Börsennotierte Firmen aus Nordamerika waren in den Markt gedrängt, als Kanada als weltweit erste Industrienation den Cannabis-
Konsum vollständig freigegeben. Mit Canopy Growth oder Aurora konnten Anleger von Anfang 2017 bis im Oktober 2018 sagenhafte Kursteigerungen von über 600 Prozent erreichen. Seitdem kannten die Bewegungen der Kurse nur eine Richtung: nach unten. Die Geschäftszahlen hatten sich schwächer als erwartet entwickelt. Die größten CannabisWerte sind in vergangenen fünf Jahren um 90 Prozent und mehr gefallen.

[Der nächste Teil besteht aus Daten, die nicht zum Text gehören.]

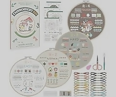 Comprehensive embroidery kit with 106 patterns, 86 pieces, and tutorials for beginners.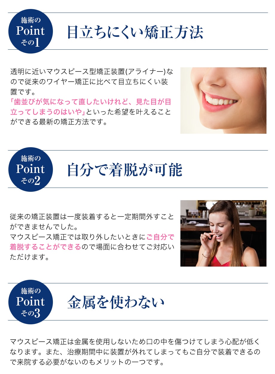 透明で目立ちにくく、取り外しも可能なため、日常生活への負担も少なく治療が可能です。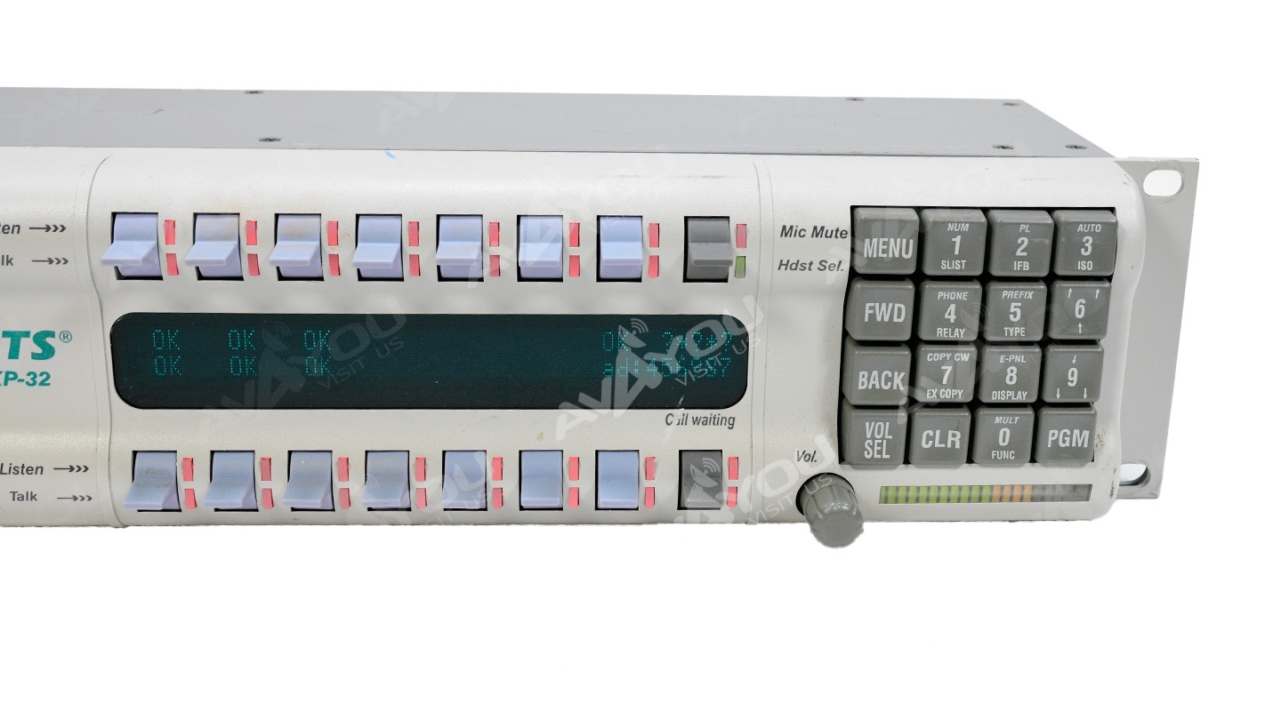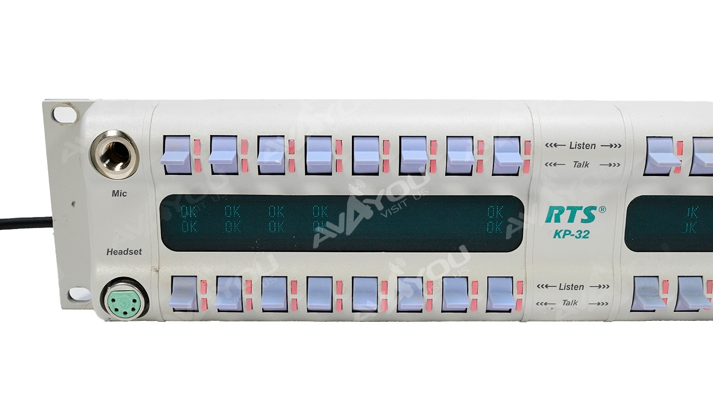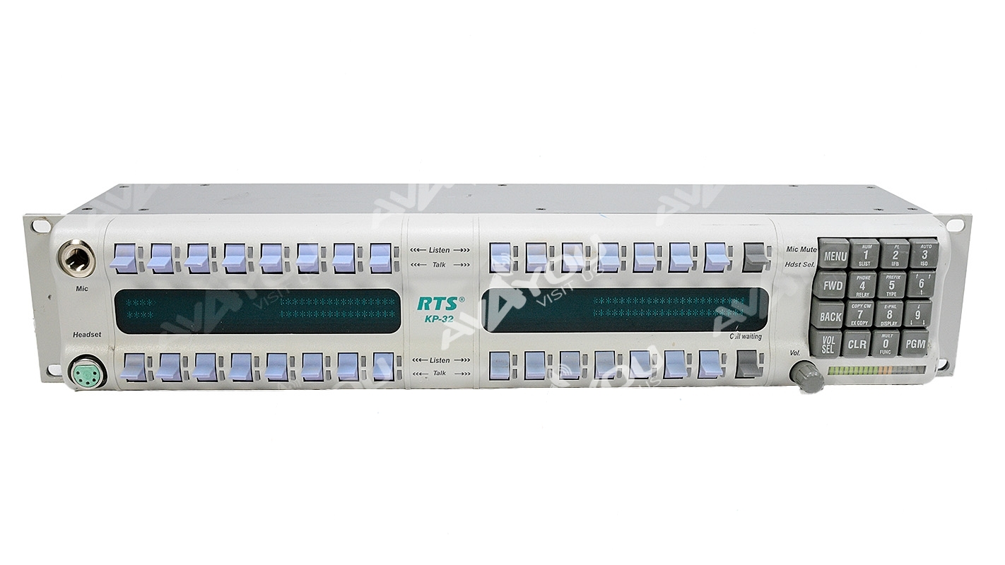 The RTS model KP-32 Classic keypanel fits in a standard 19 inch rack and is two rack spaces high. It has 32 lever keys: 30 keys are for intercom talk/listen assignment; one key is for call waiting response; and one key is for headset/microphone/program selection and volume setup. The KP-32 Classic combines all of the programmable features of the KP-12 keypanel. The KP-32 Classic features digital signal processing and binaural headset operation with left/right assignment of audio signals. It also has large, super-bright, long-life fluorescent displays with adjustable brightness control, making it suitable for all types of ambient lighting.

Das 2013 gegründete US-amerikanische Unternehmen Tilray setzte 2022 rund 200 Millionen Dollar um. Der Big Player hat seine Prognose, bis 2024 einen Jahresumsatz von vier Milliarden Dollar zu erzielen, längst gestrichen. Bereits 2019 hatte das Unternehmen mit Blick auf die Legalisierung einen internationalen Beirat mit dem deutschen Ex-Außenminister Joschka Fischer (Grüne) besetzt.

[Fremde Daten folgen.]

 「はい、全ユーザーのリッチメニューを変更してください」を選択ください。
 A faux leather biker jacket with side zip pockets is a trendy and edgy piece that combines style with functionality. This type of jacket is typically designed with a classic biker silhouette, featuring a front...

Die Aktien der Synbiotic SE aus München – nach Eigendarstellung Europas größtes Cannabisunternehmen – sind mit den Ankündigungen der Berliner Ampelregierung immer stärker unter die Räder gekommen. Der Kurs war bis Ende März – von über 40 Euro kommend - auf 8 Euro abgesackt und bewegt sich Mitte Mai bei 4,20 Euro. Synbiotic-Geschäftsführer Lars Müller sagt: „Wir warten auf den detaillierten Gesetzesentwurf der Bundesregierung für die erste Säule der Cannabis-Legalisierung und werden auf dieser Grundlage unsere Strategie präzisieren.“ Müller rechnet mit massiver Nachfrage nach Stecklingen, Saatgut und dem notwendigen Anbauzubehör.
Der Cannabis-Markt braucht einen langen Atem, sagt der Münchner Startup-Gründer Wenzel Cerveny. Der Legalisierungsaktivist war 2017 mit einem Crowdfounding-Projekt in den Markt eingestiegen und geht demnächst an die kanadische Börse. Mit einem weinenden und einem lachenden Auge sieht er auf den Legalisierungsprozess: „Cannabis ist ein langfristiges Geschäft.“ Die zunächst angekündigte Legalisierung habe zu einer Goldgräberstimmung geführt. „Die geplante Legalisierung light führt jetzt dazu, dass sich der Markt langsam entwickeln kann“, findet Cerveny positiv. Die Modellprojekte der zweiten Säule der deutschen Legalisierung seien auf fünf Jahre ausgelegt.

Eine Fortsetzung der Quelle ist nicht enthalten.